Wednesday, February 12, 2014

Mutemuka Junmai Muroka Nama Genshu: The Rarity of Organic Sake

Organic Sake is a rarity, largely due to the nature of rice agriculture in Japan. Most rice is cultivated on hillside terraces where water filters down through the terraces from the top of the hill. Thus, if you want to be organic, all of your neighbors above you on the hill must also be organic, or their water would corrupt your efforts. Plus, it can be difficult if your close neighbors use pesticides, which can easily blow in the wind onto your terraces.

In addition, Japan has strict regulations concerning organic Sake, not only in the fields but also in the brewery itself. It takes a great commitment to become organic. You must also realize that yields of organic rice paddies are approximately 50% less than ordinary paddies, and organic production costs are about 25% higher. It isn't cheap to be organic, especially considering that rice is often the most expensive element in Sake production.

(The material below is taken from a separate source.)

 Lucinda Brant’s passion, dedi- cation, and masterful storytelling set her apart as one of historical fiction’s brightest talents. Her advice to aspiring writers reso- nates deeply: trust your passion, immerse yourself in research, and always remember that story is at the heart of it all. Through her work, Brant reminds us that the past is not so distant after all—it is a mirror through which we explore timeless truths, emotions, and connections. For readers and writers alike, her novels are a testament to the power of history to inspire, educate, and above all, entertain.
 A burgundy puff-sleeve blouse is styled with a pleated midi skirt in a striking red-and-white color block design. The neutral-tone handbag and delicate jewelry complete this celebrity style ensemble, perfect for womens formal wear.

You may have seen some organic Sakes at your local shop but many of those actually use organic rice sourced from California. I previously reviewed one of the few organic Sakes that actually used organic rice from Japan. We must also understand that a Sake may be organic but hasn't received certification from the U.S.yet. It can be a confusing situation for consumers who seek out organic Sake.

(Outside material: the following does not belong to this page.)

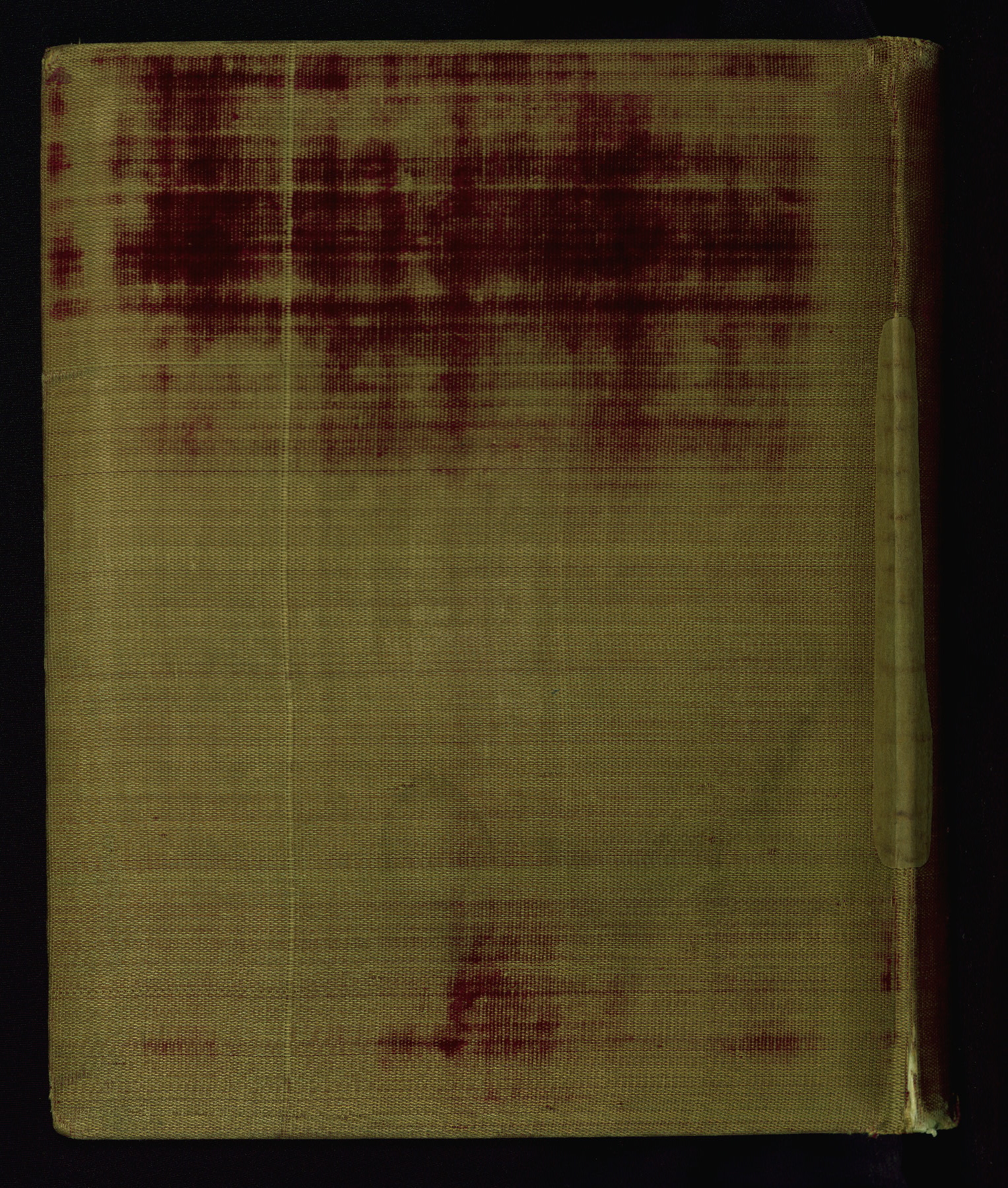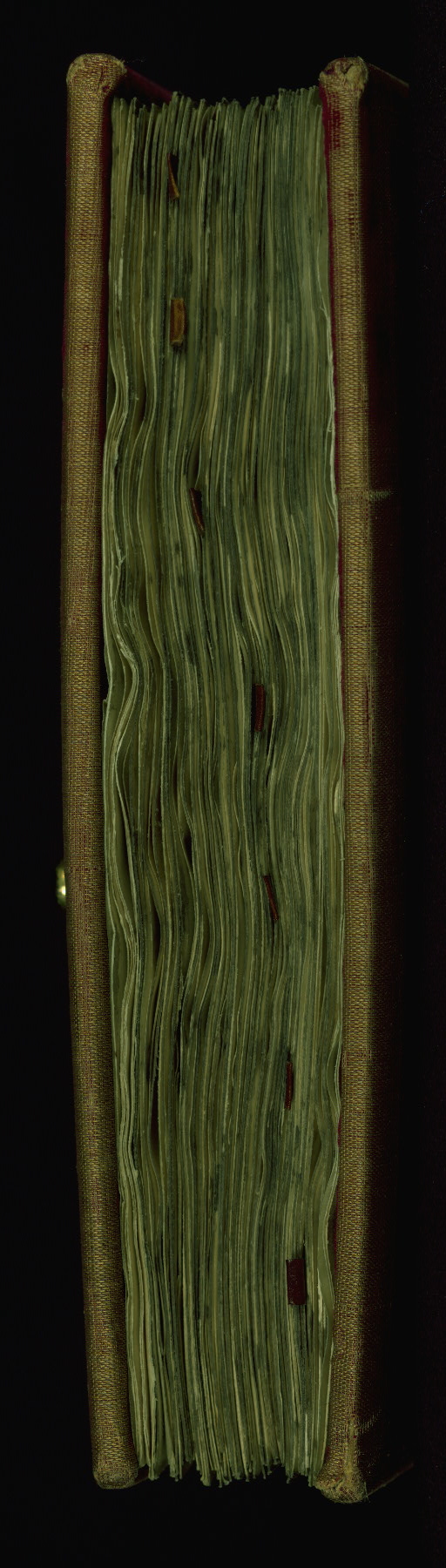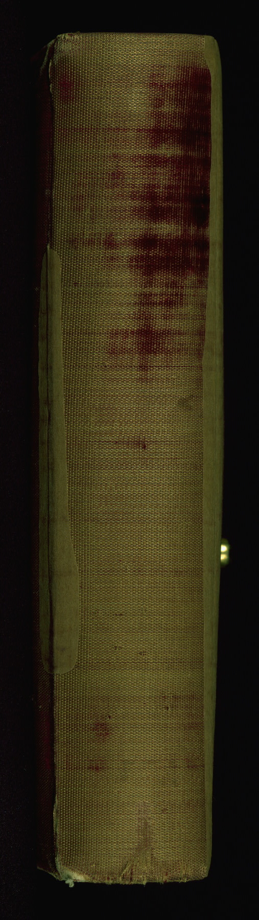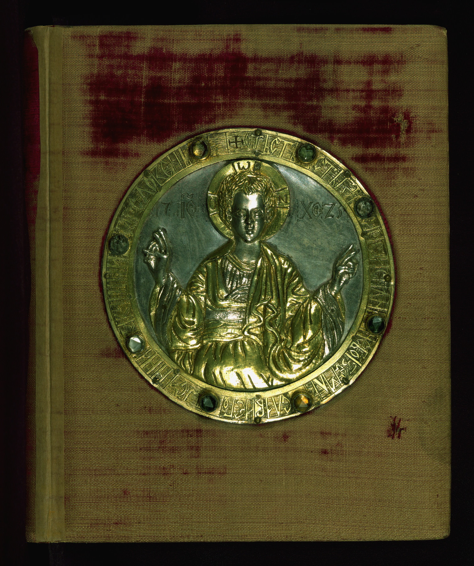 This late nineteenth or early twentieth century red velvet binding added by León Gruel, Paris. The cover was embellished by Gruel with an eighteenth-century silver and gilded plaque of Christ, originally from a Serbian flabellum, and which contains a Slavonic inscription. The front and back pastedowns were taken from an early eleventh-century Central Italian Sacramentary. A description of an earlier cover was recorded in the library catalog of the monastery of Saint-André Villeneuve-lès-Avignon in 1640 by Dom Odon de la Mothe, who described it as "postibus copertum et basana alba a parte putrida".

Earlier this week, I drank an intriguing Sake from an organic producer, another excellent addition to the portfolio of The Floating World, a small Sake importer based in New Mexico. I previously raved about this importer and several of their compelling Sakes, and they sent me a sample of their newest acquisition.

The Mutemuka Junmai Muroka Nama Genshu ($76/720ml) is produced by the Mutemuka Shuzo, which is located in the Kōchi Prefecture and was founded in 1893. The term "mutemuka" roughly translates as "a Sake made with pure intentions, without ornamentation." About 30 years ago, the brewery introduced organic farming to its rice, even though neighboring farmers weren't happy with his decision. The Kōchi Prefecture is well known for its numerous rivers and Mutemuka sits close to Shimanto River, famed for its purity and sometimes called "the last clear stream of Japan." Using water so pure only adds to the value of organic Sake.

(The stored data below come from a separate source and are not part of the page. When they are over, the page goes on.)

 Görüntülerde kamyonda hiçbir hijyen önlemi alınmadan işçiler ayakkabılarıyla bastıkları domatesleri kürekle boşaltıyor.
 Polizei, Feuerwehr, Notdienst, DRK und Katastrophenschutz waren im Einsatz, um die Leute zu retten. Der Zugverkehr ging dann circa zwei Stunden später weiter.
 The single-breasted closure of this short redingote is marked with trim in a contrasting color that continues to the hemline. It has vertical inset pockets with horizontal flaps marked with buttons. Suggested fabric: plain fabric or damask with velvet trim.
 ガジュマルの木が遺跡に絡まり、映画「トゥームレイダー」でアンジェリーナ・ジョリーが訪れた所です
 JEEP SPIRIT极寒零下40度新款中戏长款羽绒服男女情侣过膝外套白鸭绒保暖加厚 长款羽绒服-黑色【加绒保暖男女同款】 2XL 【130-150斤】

As an aside, Mutemuka also makes shochu, a distilled liquor, and they produce a special type, kuri-jochu, chestnut shochu. This is supposed to be a smooth drink, and one will improve with age.

The Mutemuka Junmai Muroka Nama Genshu is more unique as it is a premium Sake made from two types of rice, including a table rice. For their moto, the yeast starter, they use Kaze Naruko, which is a Sake rice grown only in the Kōchi Prefecture. For the fermentation tank though, they use Hino-Hikari, a type of table rice, which means this Sake uses more table rice than Sake rice. Nearly all futsu-shu, ordinary Sake, is made from table rice but it is more a rarity in premium Sake. However, there are some excellent examples which indicate that quality Sake can be made from table rice. That should be good news to U.S. Sake producers who use table rice for their premium Sake.

For this Sake, the rice is polished down to 65%, and has an SMV of +5, which would tend to make you believe it should be dry. In this case, you would be correct. As it is a Muroka Nama Genshu, that means that it undergoes no charcoal filtration, pasteurization or dilution. As a Nama, you need to refrigerate it so it doesn't go bad. The Sake is also aged for about half a year at room temperature.

Up front, there is a fruity taste, some melon and pear notes, but that quickly transforms on your palate into a more savory and earthy element, which then dominates your mouth. A surge of umami floods your palate, with hints of herbal notes and a tinge of bitterness. It possesses a fascinating complexity and this is also a very food friendly Sake, especially because of its high umami. Another winner from The Floating World.